Authors: Julia Spencer-Fleming
Tags: #RETAIL
It was hard to sleep with all her bones hurting, and she was so tired of feeling sick. She wanted to go home. She wanted to see Meme and Pepe. She wanted to be better, like she was at Ted and Helen’s house, when she could play outside.
Far off in the darkness, she heard a dog barking.
Oscar.
Ted had been right, he was a good dog. She remembered he had scared her, but it was hard to feel the feeling, because now she felt safe, knowing he was out there, protecting her.
Good dog, Oscar,
she thought, and then she slid into sleep.
WEDNESDAY, JANUARY 14
1.
It was a wave of cold air that woke him up. Kevin shivered, snugged the fat down comforter more closely around his shoulders, and muzzily thought,
Time for more wood
. He had woken up once already around midnight, just long enough to load the stove’s firebox and then drop back into a profound slumber. Now he tried to rouse himself enough to crawl out of his warm cocoon and brave the chilly drafts by the wood rack.

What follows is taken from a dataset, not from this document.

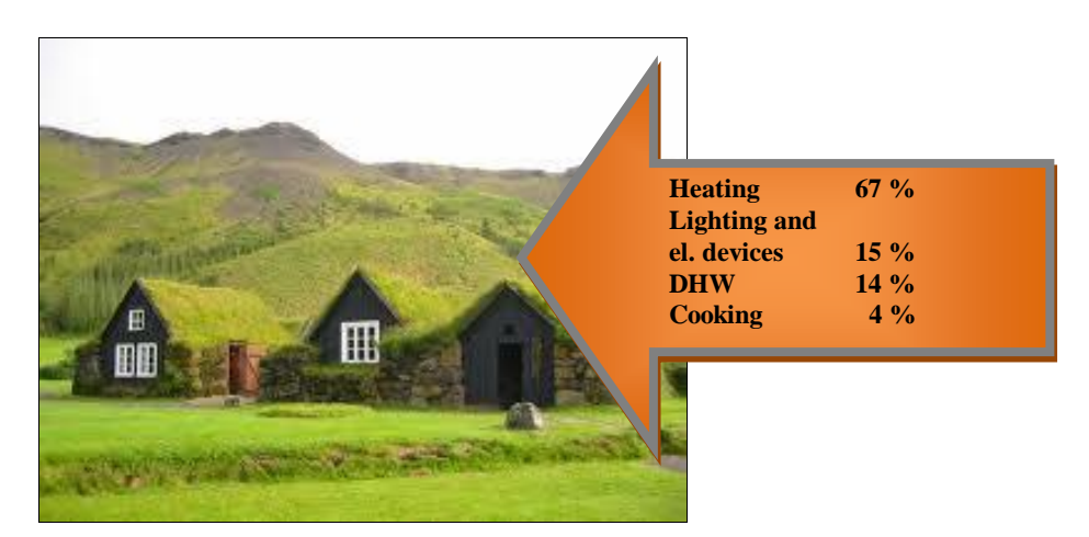
Fig. 1. Share of energy to house needs

While it is possible to save nearly 80% of the total energy in buildings with very low power consumption only through design and construction proposal, real estate market is still limited. In Europe, there has been only built a total of 20 000 lowenergy buildings, of which about 17 000 are located in Germany and Austria [5]. Figure 1 shows the approximate percentage distribution of total energy consumption of house operations.

He heard a clunk, then another. The creak of the stove door. He opened his eyes. Firelight on the wood-plank floor, and the orange-red glow of coals deep in the firebox, and the shiny trim and toggles on the stove glinting. Bare feet beside the black slate tiles. Bare ankles beneath another down comforter. There was a thunk and thud—wood tossed into the box—then the door closed again. The bare feet turned and the down collapsed in a fat puff and Hadley was sitting next to him.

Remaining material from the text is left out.